The Trade Competition Act 1999 (TCA) is the legislation governing pre-merger filings in Thailand. The TCA established the Thai Trade Competition Commission (Commission) and its secretariat within the Department of Internal Trade, Ministry of Commerce. The TCA prohibits mergers of businesses that may result in a monopoly or unfair business competition, unless permission is obtained from the Commission.
The Commission has the authority to issue notifications prescribing the criteria and process under which a merger will be examined, and to set the minimum threshold of market share, sales volume, amount of capital, number of shares or amount of assets that will be subject to a pre-merger filing. However, as the details of the enabling notifications still remain under consideration, the merger control regime has not yet been implemented in Thailand.
Once the enabling notifications have been set by the Commission and published in the Government Gazette, a pre-merger filing and approval will be required for any merger or acquisition that may result in a monopoly or unfair competition in the market. Despite this, it is unclear when the enabling notifications will be issued.
II YEAR IN REVIEW
As noted above, in practice, merger controls have not yet been implemented in Thailand; as such, we cannot comment on any recent merger cases. However, please see the legislative updates in Section IV, infra. The jurisdictional thresholds are currently being drafted by the Commission.

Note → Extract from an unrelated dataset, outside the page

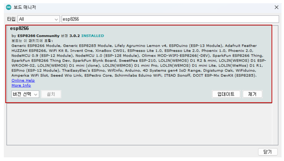 esp8266 by esp8266 community 3.1.2 version 설치 또는 업데이트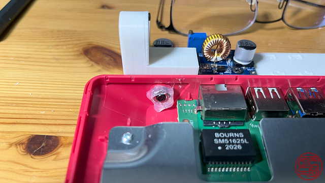 모듈의 출력단에는 USB-C 케이블을 직접 연결해 pi400에 전원을 공급하는 구조로 구성했다. 그리고, 이 전원 모듈은 위에 언급한 플레이트에 고정하고, 덮개를 만들어 회로를 보호하도록 했다. 덮개는 완전 밀폐형이 아니라 외부에서는 잘 안 보이는 쪽을 향해 오픈된 형태로 발열에도 통풍이 되게 했다.

III THE MERGER CONTROL REGIME
Before the enactment of the TCA, competition law was proscribed by the Price Fixing and Antimonopoly Act of 1979 (1979 Act). The purpose of the 1979 Act was to prevent product supply shortages and to protect consumers from abusive pricing of products, but it did not address competition or market power issues. In 1999, the 1979 Act was repealed and replaced by two separate and distinct acts: the TCA, and the Act Concerning the Price of Goods and Services. One of the mandates of the Commission is to examine proposed mergers to prevent harmful effects on competition; however, the implementation regulations remain under consideration.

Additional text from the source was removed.